O sentido é construído pela seleção e combinação de palavras. E, ao selecionar, a pessoa dá mostras de seu universo de referência, do lugar social de onde procede, suas preferências ideológicas e até de seu gosto estético e amoroso. Indica o tamanho do repertório que a credencia a tornar-se interessante aos olhos de potenciais conquistas amorosas.
- Ter desenvoltura com o idioma faz a pessoa conversar melhor, namorar melhor, trabalhar melhor e ficar bem em qualquer situação em que está inserido - disse à Língua o apresentador Marcelo Tas, do programa CQC (TV Bandeirantes).

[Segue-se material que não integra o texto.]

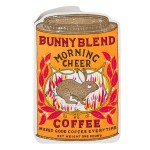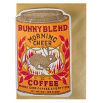Letterpress cut-out card featuring an orange tin with a bunny on the front and the words 'Bunny Blend, Morning Cheer, Coffee.' Designed by Charlotte Farmer.

Quando falamos, temos a ilusão de achar que comunicamos só um conteúdo intencional, mas há outras informações quando se fala.
O modo de dizer altera a coisa dita.
Flexibilidade é a prova dos nove
O erro de português grave e reiterado pode incomodar e melar uma aproximação promissora entre casais. Mas não está dado que alguém mantenha relacionamento duradouro sendo inflexível no uso da gramática formal. Se alguém aplica, de forma ortodoxa, a gramática normativa numa conversa de bar, por exemplo, pode virar o chato da mesa. Pode perder a namorada.
O problema é que a norma culta tem sido há muito tempo considerada no Brasil um código de distinção social, quando é elemento de comunicação vital à constituição de nossa identidade e de nossos relacionamentos. As distorções dessa visão podem tornar irrelevantes outros aspectos que constituem a linguagem do namoro, como o humor e a capacidade de fazer correlações surpreendentes de ideias.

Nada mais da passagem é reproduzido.